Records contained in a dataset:
------------------------------------------------------------

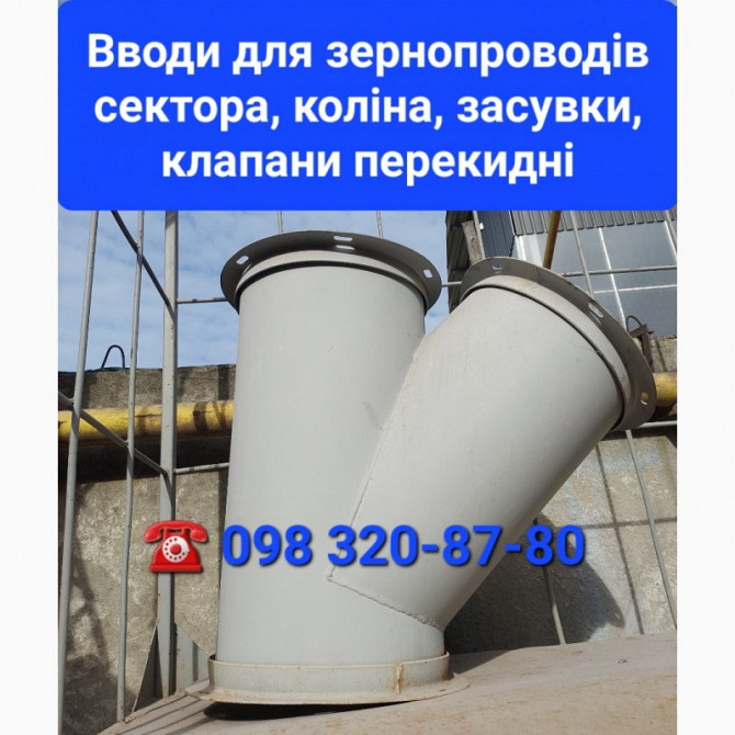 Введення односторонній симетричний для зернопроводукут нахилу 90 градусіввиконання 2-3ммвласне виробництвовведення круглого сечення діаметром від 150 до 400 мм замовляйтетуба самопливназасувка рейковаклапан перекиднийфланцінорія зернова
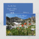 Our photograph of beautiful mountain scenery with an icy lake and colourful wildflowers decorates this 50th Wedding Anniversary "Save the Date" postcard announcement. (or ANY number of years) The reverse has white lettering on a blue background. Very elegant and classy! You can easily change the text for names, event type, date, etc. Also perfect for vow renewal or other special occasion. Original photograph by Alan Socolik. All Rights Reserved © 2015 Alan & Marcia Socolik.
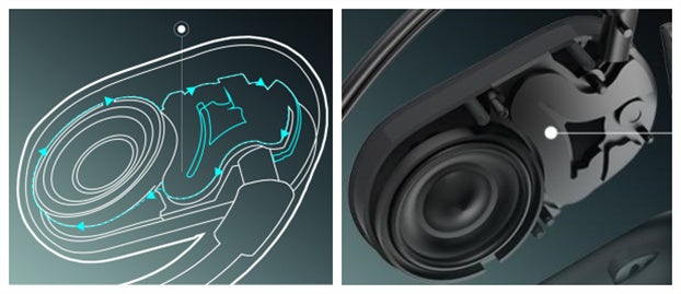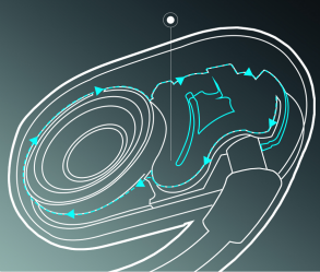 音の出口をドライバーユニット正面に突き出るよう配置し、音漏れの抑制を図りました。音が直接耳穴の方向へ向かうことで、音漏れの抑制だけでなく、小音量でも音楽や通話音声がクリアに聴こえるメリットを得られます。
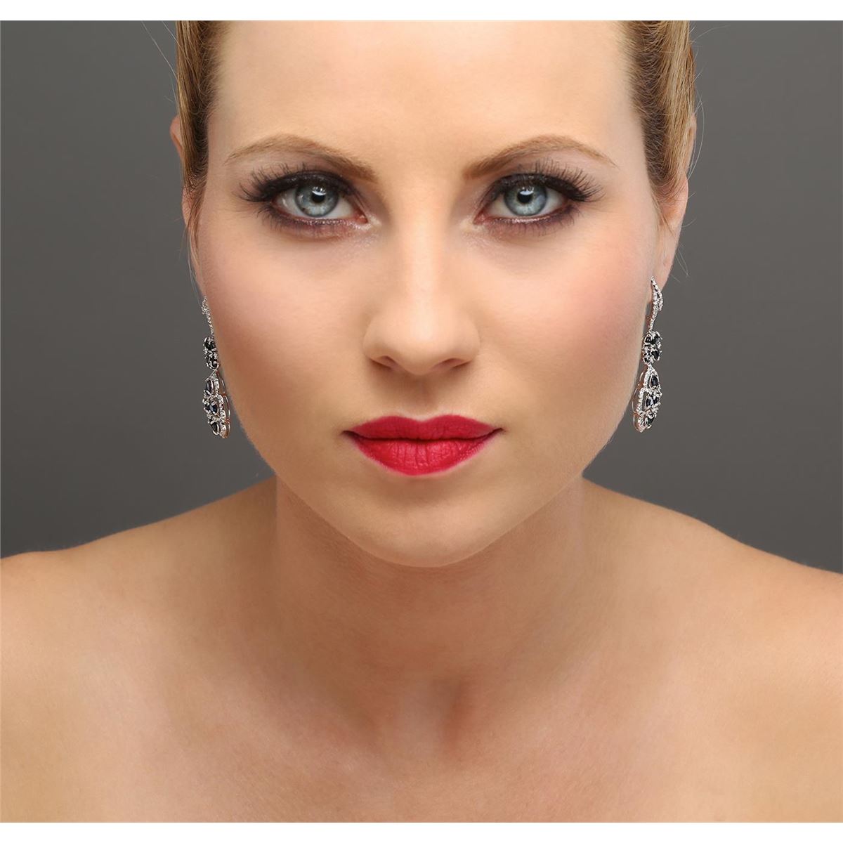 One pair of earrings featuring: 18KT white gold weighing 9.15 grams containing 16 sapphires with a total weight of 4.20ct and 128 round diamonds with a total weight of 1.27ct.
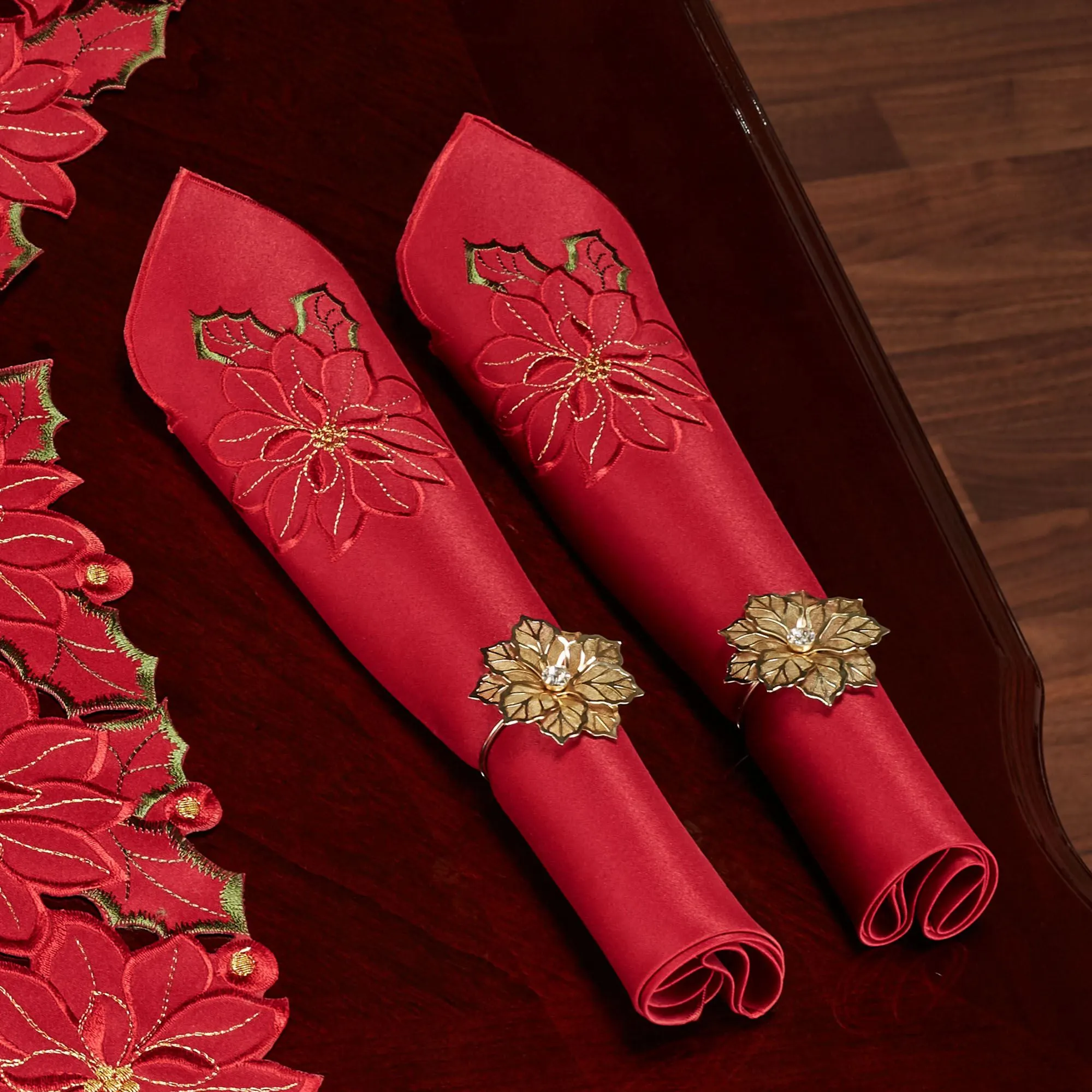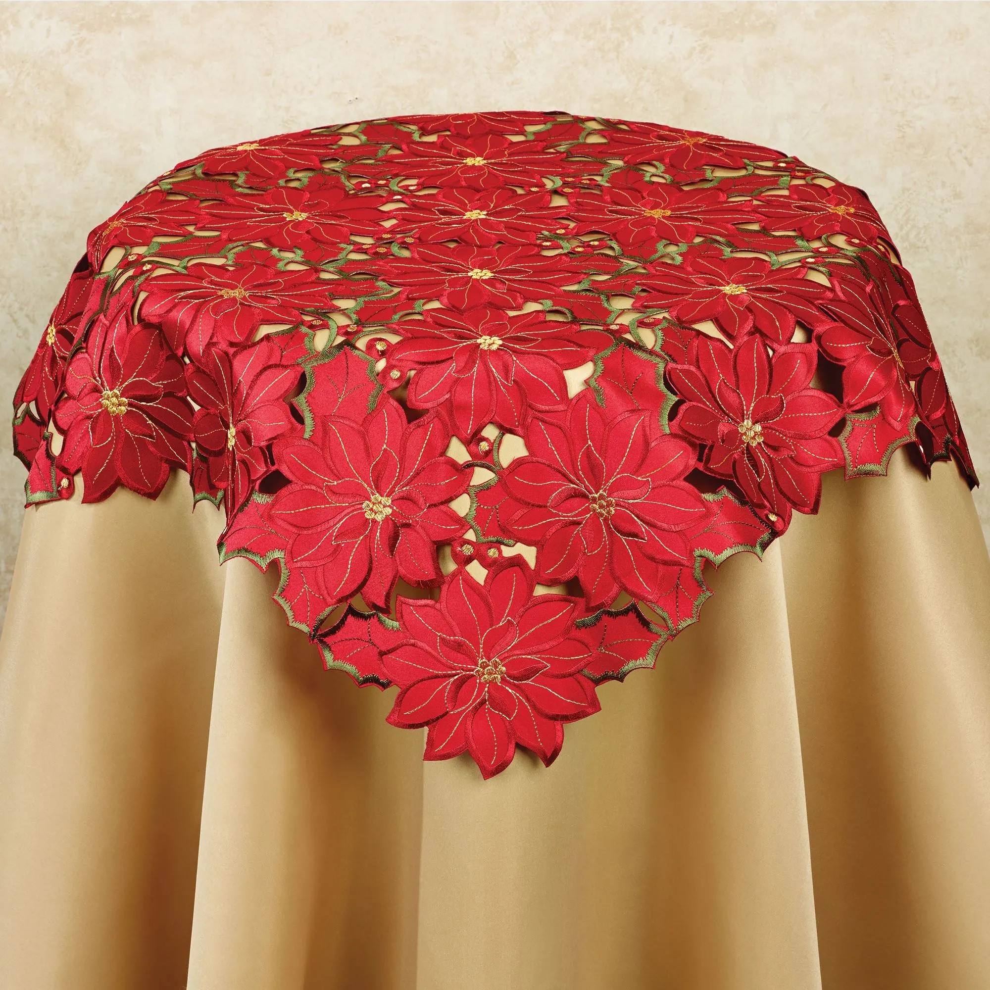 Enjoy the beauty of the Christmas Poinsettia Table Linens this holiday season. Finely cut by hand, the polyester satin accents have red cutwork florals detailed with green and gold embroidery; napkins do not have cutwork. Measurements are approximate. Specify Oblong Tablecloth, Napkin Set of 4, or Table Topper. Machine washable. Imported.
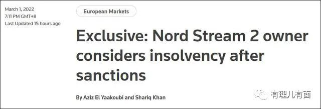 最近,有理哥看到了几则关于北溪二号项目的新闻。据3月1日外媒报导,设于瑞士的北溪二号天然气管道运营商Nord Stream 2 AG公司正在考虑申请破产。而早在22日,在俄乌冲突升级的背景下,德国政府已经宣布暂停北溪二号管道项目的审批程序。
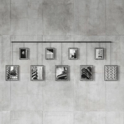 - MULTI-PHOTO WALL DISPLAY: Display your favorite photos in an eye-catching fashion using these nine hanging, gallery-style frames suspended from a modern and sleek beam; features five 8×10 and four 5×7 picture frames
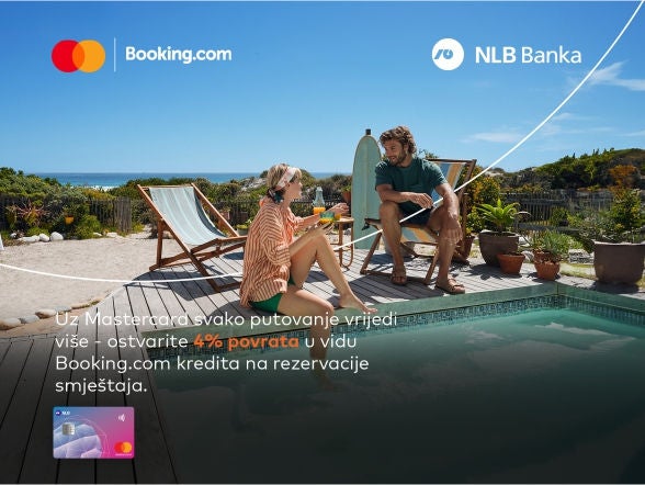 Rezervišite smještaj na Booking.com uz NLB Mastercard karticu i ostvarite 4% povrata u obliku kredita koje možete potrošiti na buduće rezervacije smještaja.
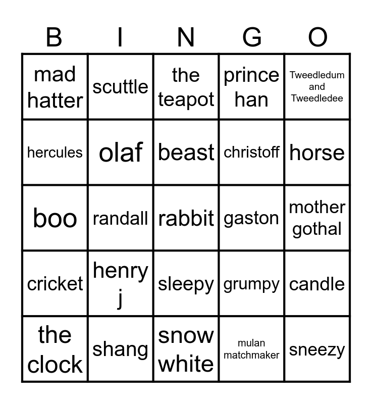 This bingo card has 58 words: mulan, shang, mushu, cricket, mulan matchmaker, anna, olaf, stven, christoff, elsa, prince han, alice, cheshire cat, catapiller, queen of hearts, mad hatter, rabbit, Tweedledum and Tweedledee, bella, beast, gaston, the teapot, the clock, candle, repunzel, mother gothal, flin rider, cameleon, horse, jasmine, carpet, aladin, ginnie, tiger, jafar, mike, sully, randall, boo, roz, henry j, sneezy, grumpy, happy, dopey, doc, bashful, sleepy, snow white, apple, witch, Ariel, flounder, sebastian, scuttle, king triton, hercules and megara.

------------------------------------------------------------

Work request » Reproduce exactly the lines from the one containing "音の出口をドライバーユニット" through the last line of the records, both included, leaving out every picture.

Task solution »
 音の出口をドライバーユニット正面に突き出るよう配置し、音漏れの抑制を図りました。音が直接耳穴の方向へ向かうことで、音漏れの抑制だけでなく、小音量でも音楽や通話音声がクリアに聴こえるメリットを得られます。
 One pair of earrings featuring: 18KT white gold weighing 9.15 grams containing 16 sapphires with a total weight of 4.20ct and 128 round diamonds with a total weight of 1.27ct.
 Enjoy the beauty of the Christmas Poinsettia Table Linens this holiday season. Finely cut by hand, the polyester satin accents have red cutwork florals detailed with green and gold embroidery; napkins do not have cutwork. Measurements are approximate. Specify Oblong Tablecloth, Napkin Set of 4, or Table Topper. Machine washable. Imported.
 最近,有理哥看到了几则关于北溪二号项目的新闻。据3月1日外媒报导,设于瑞士的北溪二号天然气管道运营商Nord Stream 2 AG公司正在考虑申请破产。而早在22日,在俄乌冲突升级的背景下,德国政府已经宣布暂停北溪二号管道项目的审批程序。
 - MULTI-PHOTO WALL DISPLAY: Display your favorite photos in an eye-catching fashion using these nine hanging, gallery-style frames suspended from a modern and sleek beam; features five 8×10 and four 5×7 picture frames
 Rezervišite smještaj na Booking.com uz NLB Mastercard karticu i ostvarite 4% povrata u obliku kredita koje možete potrošiti na buduće rezervacije smještaja.
 This bingo card has 58 words: mulan, shang, mushu, cricket, mulan matchmaker, anna, olaf, stven, christoff, elsa, prince han, alice, cheshire cat, catapiller, queen of hearts, mad hatter, rabbit, Tweedledum and Tweedledee, bella, beast, gaston, the teapot, the clock, candle, repunzel, mother gothal, flin rider, cameleon, horse, jasmine, carpet, aladin, ginnie, tiger, jafar, mike, sully, randall, boo, roz, henry j, sneezy, grumpy, happy, dopey, doc, bashful, sleepy, snow white, apple, witch, Ariel, flounder, sebastian, scuttle, king triton, hercules and megara.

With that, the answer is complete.